### YOUR INSTRUCTIONS
Set down only the lines from the one containing "属性变化:守门员意识-14、" through the final line of the entries below, exactly as they stand, with no pictures.
......
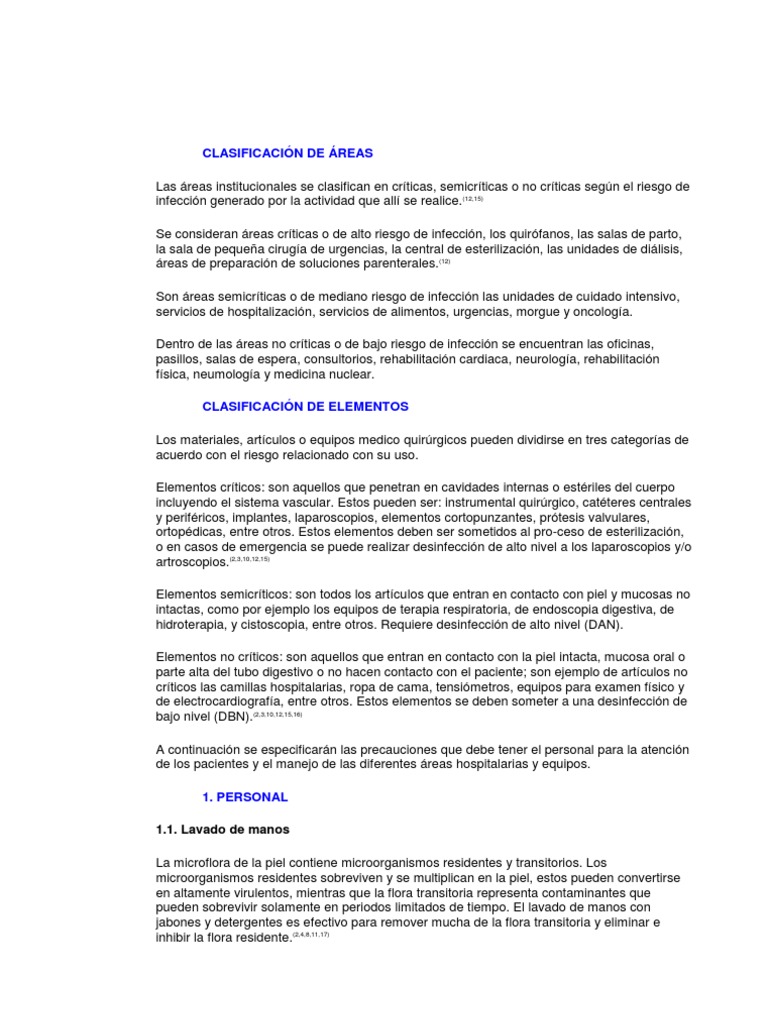 que all se realice.(12,15) Se consideran reas crticas o de alto riesgo de infeccin, los quirfanos, las salas de parto, la sala de pequea ciruga de urgencias, la central de esterilizacin, las unidades de dilisis, reas de preparacin de soluciones parenterales.(12) Son reas semicrticas o de mediano riesgo de infeccin las unidades de cuidado intensivo, servicios de hospitalizacin, servicios de alimentos, urgencias, morgue y oncologa. Dentro de las reas no crticas o de bajo riesgo de infeccin se encuentran las oficinas, pasillos, salas de espera, consultorios, rehabilitacin cardiaca, neurologa, rehabilitacin fsica, neumologa y medicina nuclear. CLASIFICACIN DE ELEMENTOS Los materiales, artculos o equipos medico quirrgicos pueden dividirse en tres categoras de acuerdo con el riesgo relacionado con su uso. Elementos crticos: son aquellos que penetran en cavidades internas o estriles del cuerpo incluyendo el sistema vascular. Estos pueden ser: instrumental quirrgico, catteres centrales y perifricos, implantes, laparoscopios, elementos cortopunzantes, prtesis valvulares, ortopdicas, entre otros. Estos elementos deben ser sometidos al pro-ceso de esterilizacin, o en casos de emergencia se puede realizar desinfeccin de alto nivel a los laparoscopios y/o artroscopios.(2,3,10,12,15) Elementos semicrticos: son todos los artculos que entran en contacto con piel y mucosas no intactas, como por ejemplo los equipos de terapia respiratoria, de endoscopia digestiva, de hidroterapia, y cistoscopia, entre otros. Requiere desinfeccin de alto nivel (DAN). Elementos no crticos: son aquellos que entran en contacto con la piel intacta, mucosa oral o parte alta del tubo digestivo o no hacen contacto con el paciente; son ejemplo de artculos no crticos las camillas hospitalarias, ropa de cama, tensimetros, equipos para examen fsico y de electrocardiografa, entre otros. Estos elementos se deben someter a una desinfeccin de bajo nivel (DBN).(2,3,10,12,15,16) A continuacin se especificarn las precauciones que debe tener el personal para la atencin de los pacientes y el manejo de las diferentes reas hospitalarias y equipos. 1. PERSONAL 1.1. Lavado de manos La microflora de la piel contiene microorganismos residentes y transitorios. Los microorganismos residentes sobreviven y se multiplican en la piel, estos pueden convertirse en altamente virulentos, mientras que la flora transitoria representa contaminantes que pueden sobrevivir solamente en periodos limitados de tiempo. El lavado de manos con jabones y detergentes es efectivo para remover mucha de la flora transitoria y eliminar e inhibir la flora residente.(2,4,8,11,17)
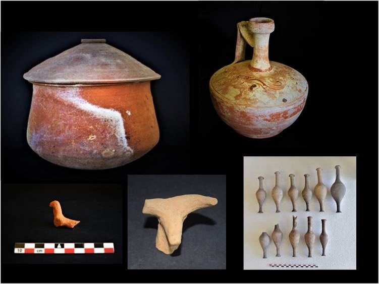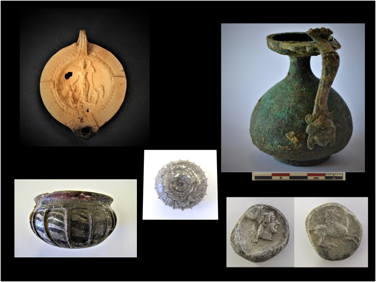 Στα κτερίσματα των υπόλοιπων τάφων συγκαταλέγονται κυρίως μυροδοχεία, οστέινες περόνες, μεγάλος αριθμός από οστέινα κοχλιάρια, κέλυφος αβγού, τμήμα ξύλου, λύχνοι, μικκύλα αγγεία, λάγηνοι, σκύφοι, σιδερένιες στλεγγίδες, χρυσές δανάκες και χάλκινα νομίσματα, καθώς και ανάγλυφο χρυσό έλασμα. Μεταξύ των ελληνιστικών ταφών εντοπίστηκε και ταφή του 1ου αι. μ.Χ. μέσα σε σαρκοφάγο ελληνιστικών χρόνων, η οποία συμπληρώθηκε στη δυτική πλευρά της με μικρή προσθήκη κατά τους ρωμαϊκούς χρόνους. Η εν λόγω ταφή απέδωσε ακέραιη περίτεχνη γυάλινη καλυκωτή φιάλη, χάλκινη οινοχόη, σιδερένια στλεγγίδα με περίτεχνη λαβή, βολβόσχημα μυροδοχεία, λάγηνο, μικκύλα αγγεία, χάλκινο νόμισμα και χάλκινους ήλους με ημισφαιρική κεφαλή από καττύματα υποδημάτων.
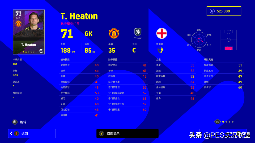属性变化:守门员意识-14、接球能力-15、扑救-14、扑救反应-14、臂展-14、进攻意识-12、控球-14、盘球-14、紧密控球-14、地面传球-14、空中传球-15、射门-12、头球-42(并非笔误)、定位球-14、弧线球-14、速度-14、加速-14、脚下力量-15、跳跃-14、身体接触-17、平衡-13、体力-13、防守意识-14、铲球-14、积极性-14
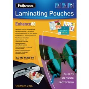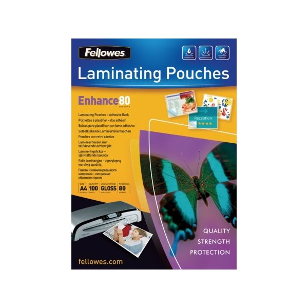 Laminovacia fólia, 80 mikr., A4, lesklá, samolepiaca, 100 ks, FELLOWES
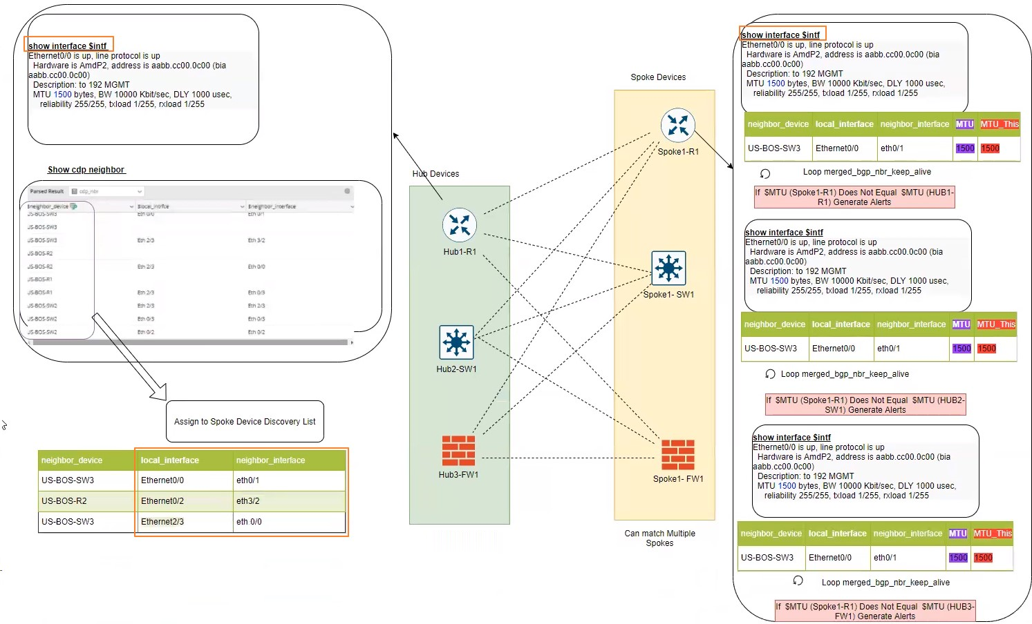 For example, the hub and spoke devices both use the command show interface $intf to get corresponding interfaces. You can select the neighbor_interface column for the spoke macro variable and select local_interface as the mapping column for the hub macro variable to find the relationship between them.
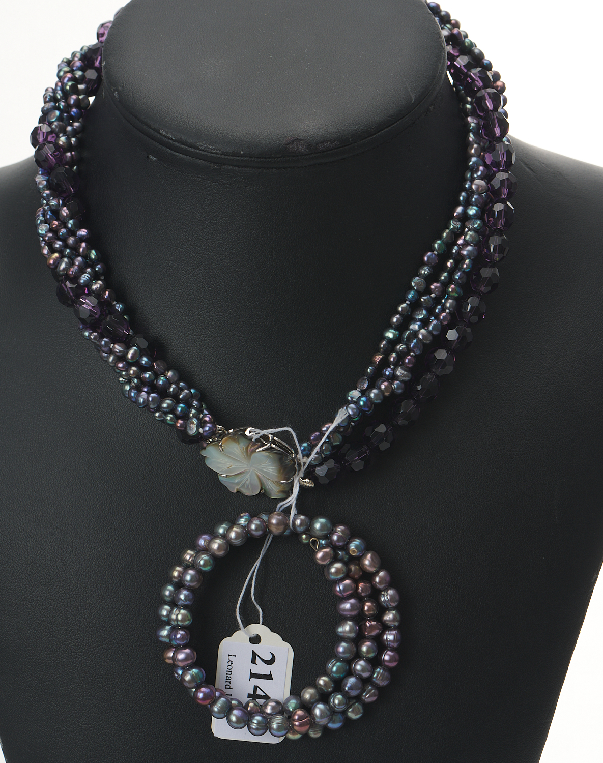 A MULTI STRAND FRESHWATER PEARL NECKLACE WITH CARVED MOTHER OF PEARL CLASP WITH AN FRESHWATER BRACELET
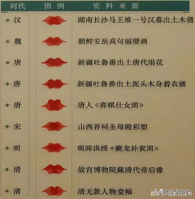 从牛河梁红山文化彩塑女神头像我们可知在红山文化时期已经出现唇部涂朱的现象,经碳十四方法测定其年代距今约5000-5500年。经由很多传世的上木绘俑像或绘画中我们得以窥探历代妇女唇妆式样。像湖南长沙马王堆一号汉墓出土的汉彩绘木妇女俑,新疆吐鲁番出土的唐代绢画妇人像,唐人书卷奕棋仕女,故宫博物院藏宋元明清历代帝后书像,及山西太原晋祠圣母殿宋塑宫女像等等,其点唇式样都各不相同。
......
### EXERCISE RESULT
属性变化:守门员意识-14、接球能力-15、扑救-14、扑救反应-14、臂展-14、进攻意识-12、控球-14、盘球-14、紧密控球-14、地面传球-14、空中传球-15、射门-12、头球-42(并非笔误)、定位球-14、弧线球-14、速度-14、加速-14、脚下力量-15、跳跃-14、身体接触-17、平衡-13、体力-13、防守意识-14、铲球-14、积极性-14
 Laminovacia fólia, 80 mikr., A4, lesklá, samolepiaca, 100 ks, FELLOWES
 For example, the hub and spoke devices both use the command show interface $intf to get corresponding interfaces. You can select the neighbor_interface column for the spoke macro variable and select local_interface as the mapping column for the hub macro variable to find the relationship between them.
 A MULTI STRAND FRESHWATER PEARL NECKLACE WITH CARVED MOTHER OF PEARL CLASP WITH AN FRESHWATER BRACELET
 从牛河梁红山文化彩塑女神头像我们可知在红山文化时期已经出现唇部涂朱的现象,经碳十四方法测定其年代距今约5000-5500年。经由很多传世的上木绘俑像或绘画中我们得以窥探历代妇女唇妆式样。像湖南长沙马王堆一号汉墓出土的汉彩绘木妇女俑,新疆吐鲁番出土的唐代绢画妇人像,唐人书卷奕棋仕女,故宫博物院藏宋元明清历代帝后书像,及山西太原晋祠圣母殿宋塑宫女像等等,其点唇式样都各不相同。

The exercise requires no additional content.